ERBIL, Kurdistan Region - United States officials are expected to discuss the issue of resuming Kurdish oil exports through the Iraq-Turkey pipeline during their meetings with Iraqi Prime Minister Mohammed Shia’ al-Sudani in Washington, an energy expert told Rudaw on Saturday.
Oil exports from the Kurdistan Region through the Iraq-Turkey pipeline have been halted Since March 2023 after a Paris-based arbitration court ruled in favor of Baghdad against Ankara, saying the latter had breached a 1973 agreement by allowing Erbil to begin independent oil exports in 2014.
“I think the US is certainly going to raise the issue in the meetings. There is a lot of US political pressure to restart the pipeline and to support the Kurdistan Region in this case,” Robin Mills, CEO of Dubai-based Qamar Energy, told Rudaw’s Mohammed Sheikh Fatih.
Sudani arrived in Washington on Saturday and is set to meet with US President Joe Biden and Secretary of State Antony Blinken on Monday.
Oil producers have asked the White House to pressure Sudani into resuming the oil exports, labeling the meeting with Biden as a “key opportunity” to discuss the exports. The flow of oil is yet to resume because of disagreements between oil producers and the Iraqi government over production costs.
However, Mills said that there are “significant issues” to resolve before the exports could resume and does not expect the meeting to immediately resolve the problem, stressing that Sudani does not have complete freedom to decide to resolve these issues.
When asked about why he thinks the US would raise the issue, Mills said that Washington has always been a stable partner for Erbil and that Biden is seeking pathways to curb rising oil prices to assist him in his election campaign.
“The US has supported Kurdistan consistently for years now. It has been concerned to maintain the autonomy of the Region’s institutions. The Kurdistan Region has had good relations with the US for many years and I think the US sees the Kurdistan Region as a friend to it within Iraq,” he said.
Last month, the Iraqi oil ministry on Monday blamed the international oil companies (IOCs) working in the Kurdistan Region for not reopening the pipeline, stressing that halting the process was not the decision of Baghdad and that the federal government is “the most affected” by the halt in exports.
The ministry was responding to a statement by an IOC association in the Kurdistan Region, and labeled the statement a “blatant interference” in Iraqi affairs.
The IOCs and the KRG are bound by Production Sharing Contracts (PSCs). Under the Kurdistan Region’s PSC model, the IOCs cover the entire cost of production while the KRG receives the lion’s share of the profits from successful projects.
Baghdad has repeatedly said that the PSCs between the IOCs and the KRG are a violation of the Iraqi constitution, stressing that the contracts need to be amended into service contracts such as the ones in federal Iraq before exports could resume.
Mills argued that the constitution has not stipulated that PSC contracts cannot exist.

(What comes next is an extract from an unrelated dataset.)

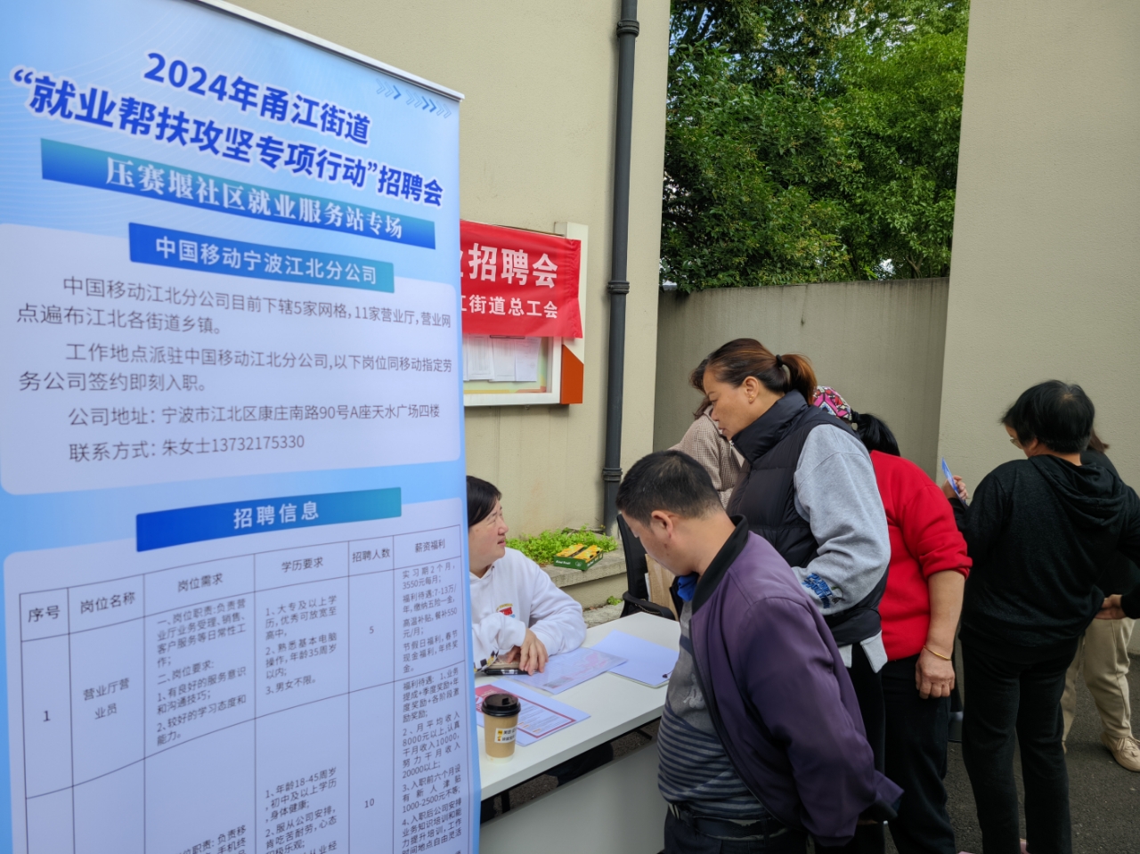 在江北区人社局的指导下,甬江街道压赛堰社区设立“家门口”的社区就业服务站,力求为居民提供更加贴心、高效的就业服务。

“I don’t see a reason why they would be in conflict with the constitution. The constitution is quite general on the matter of oil and I don’t see why these contracts would be in conflict with it,” he said.

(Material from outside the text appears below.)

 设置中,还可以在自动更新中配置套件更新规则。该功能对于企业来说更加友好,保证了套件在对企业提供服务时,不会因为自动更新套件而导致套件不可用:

The expert believes that the pipeline has become a point of leverage in the discussion between the Kurdistan Region and the federal government, as Baghdad realizes it can use its closure against Erbil.
However, its closure also takes away much-needed safety from Iraq’s economy, costing the country as Baghdad needs it to export oil.
“Baghdad can only export today through the Gulf, and the Gulf has security threats. If Baghdad ever couldn’t export through the Gulf … it would be in a huge problem, its exports would be completely cut off. In that case, the pipeline through Turkey is a good backup, a good option to have,” Mills said.
The closure prevents the export of 450,000 barrels of crude oil per day from the Kurdistan Region, costing Baghdad and Erbil billions of dollars in losses.
The loss in oil revenues has severely worsened the Kurdistan Regional Government’s (KRG) economy, and has left the government unable to pay its public sector without assistance from Baghdad.